Since IES carbon emissions mainly originate from coal and other energy sources consumed by power-side generating units for energy supply [4], source-side cogeneration units utilizing carbon capture and sequestration technology for carbon capture retrofit can become an ideal complementary power source for renewable energy power generation. Currently, carbon capture power plants primarily employ two methods for carbon capture: the shunt type and the liquid storage type. Among them, the shunt type carbon capture power plant carbon capture energy consumption and unit power are positively correlated [5], and CO2 must be continuously captured and analyzed. Liquid storage carbon capture power plants exhibit ``energy time-shift characteristics'' [6], allowing for the timely storage of captured CO2. However, economic conflicts may arise when carbon trading prices are low. The emergence of integrated and flexible operations in carbon capture plants, which combine both shunt and liquid storage methods [7,8], addresses the limitations of individual approaches and achieves the separation of CO2 absorption and capture processes. Furthermore, determining how to effectively employ carbon capture operational adjustments to broaden the output spectrum of carbon capture power plants, thereby enhancing the source-side carbon capture power plant's capability for energy time-shift adjustments to accommodate fluctuations in renewable energy power generation, holds substantial significance in mitigating carbon emissions within the IES.

Differing from source-side carbon capture power plants that directly capture and absorb CO2, the load and storage side within IES adjusts its operational conditions through demand response and grid regulation. This response aims to address fluctuations in distributed generation (DG) power output, indirectly contributing to the reduction of the system's carbon emissions. Notably, research regarding the involvement of electric/thermal energy storage systems (ESS) in regulation applications has been progressively expanding. It has evolved from focusing solely on single-system optimization [9] to encompassing optimization across diverse scenarios within the IES framework [10]. Additionally, load-side controllable loads have initiated participation in the optimization of IES operations through demand response mechanisms [11,12]. Reference [13] delved into the influential role of existing carbon trading mechanisms on IES operations, while reference [14] proposed a heuristic algorithm-based approach for load scheduling and energy storage system management. Nevertheless, the existing coordination and optimization strategies for resources on the load and storage side within the IES predominantly rely on deterministic wind and solar forecasts [15]. Unfortunately, this approach tends to overlook discrepancies between actual values and predictions due to the inherent variability of wind and solar resources. This oversight results in inadequate consideration of the available margins for various resource types.

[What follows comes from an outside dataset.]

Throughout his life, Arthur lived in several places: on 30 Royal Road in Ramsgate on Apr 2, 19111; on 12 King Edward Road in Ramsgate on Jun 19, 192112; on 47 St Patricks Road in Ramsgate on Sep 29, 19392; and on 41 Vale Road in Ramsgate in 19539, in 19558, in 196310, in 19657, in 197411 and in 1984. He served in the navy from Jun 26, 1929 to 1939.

The objective of this article is to delve into the backdrop of multi-source coupling within IES, the integrated flexible operational mode of source-side carbon capture power plants in IES, and the extent to which the coordination attributes of the flexibility of resources on the load and storage side have been comprehensively considered, as this has a bearing on the holistic realization of low-carbon complementary advantages. Moreover, the passive consumption scenario resulting from the volatility and unpredictability of renewable energy sources, such as wind and solar, demands assurance that the predictive errors associated with distributed generation within IES possess the requisite coping capacity at the day-ahead stage.

The main contributions of this work can be summarized as follows:

(1) This study centres on the regional IES as its focal research target. The analysis investigates the energy time-shift characteristics intrinsic to the integrated flexible operation of the source-side carbon capture power plant. Simultaneously, it evaluates the regulatory attributes and carbon-reduction adaptability exhibited by the flexible resources on the load and storage components. Leveraging the low-carbon synergies inherent in IES source-load-storage resources, this research introduces a coordinating low-carbon scheduling mechanism. This mechanism ensures seamless coordination among the source, load, and storage aspects.

(2) Given the varying confidence intervals associated with wind and solar renewable energy sources, along with the downward adjustment margin reserve of flexibility resources, and taking into account the dispatchable resource utilization efficiency, an IES day-ahead dispatch model is formulated. This model incorporates confidence intervals, effectively bolstering the IES's capacity to accommodate errors in renewable energy forecasts.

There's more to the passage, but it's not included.